Critical opinions of the work as installed in the 1991 Whitney Biennial diverged widely, with some critics praising the installation and others heavily critiquing it. Writing in the Los Angeles Times, Christopher Knight said that Noland "pretty much walk[ed] away with the Biennial." Comparing Noland's work positively to what he labeled a mostly "lackluster" group of works by other young artists on the top floor of the exhibition, critic Michael Kimmelman wrote that her installation "slowly suggests in its odd stackings of cans and placement of objects that a mysterious and compulsive sensibility may be at work." Similarly, critic Ken Johnson, grouping Noland with Kiki Smith and Jim Shaw as artists whose "genuinely compelling qualities" should not be overlooked amidst the "prevalence of juvenile tendencies on the top floor," said that she "hits some deep notes" in a "sociological way." Writing in Art Papers, critic Susan Canning said the placement of Noland's "subversive and messily unfinished installation" in the back corner of the exhibition – as opposed to a more well-trafficked gallery near the entrance – represented "the curator's lack of commitment to the social and political discourse of contemporary art." Conversely, critic Thomas McEvilley wrote in Artforum that Noland's installation "might be a candidate for the emperor's new clothes of this biennial." Writing in Women's Art Magazine, critic Louisa Buck said that "while [Noland's] work is a blunt comment on the vacancy of American culture and the banality of art, politics and consumer culture, it seems too loose and arbitrary to have real critical teeth." Critic Arthur Danto called Noland's work an "intolerable and patronizing exercise", writing that her installation and the rest of the works on the top floor of the show exuded a "mood of aggressiveness."

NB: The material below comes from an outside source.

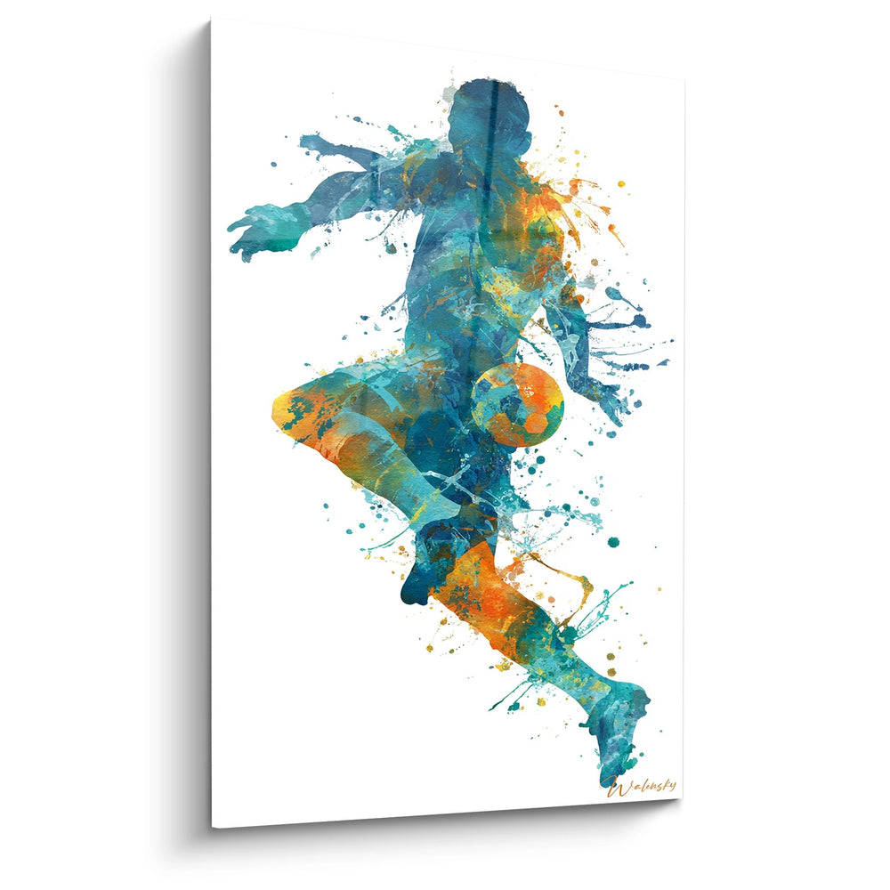 Ce tableau moderne présente une fusion artistique saisissante entre le football et le skateboard, créant une œuvre unique qui transcende les frontières sportives. L'artiste a capturé un footballeur en pleine action de skateboard, utilisant une technique d'aquarelle éclaboussée qui donne vie au mouvement et à l'énergie de la scène. Les projections de peinture et les éclaboussures colorées renforcent l'aspect dynamique de cette création, évoquant la spontanéité et la créativité du street art. Cette représentation artistique du sport urbain s'adresse aux passionnés de football qui apprécient également l'univers du skateboard et de la culture urbaine. Le style graphique moderne et les couleurs vives en font une pièce décorative parfaite pour les espaces contemporains, chambres d'adolescents, salles de sport ou bureaux créatifs.

Writing in Artforum in 2010, critic Jeffrey Kastner called the sculpture "show-stopping" and "a real-life experience a hundred times more potent than any postgrad seminar on the artifactual narratives of American abjection." Discussing the beer can motif in the work, critic Lane Relyea wrote that Noland presents "an image of overwhelming intoxication and, at the same time, incredible waste, the whole mighty edifice destined to be chugged and pissed away; and, behind that, another image, that of the eroded canyons of the American West."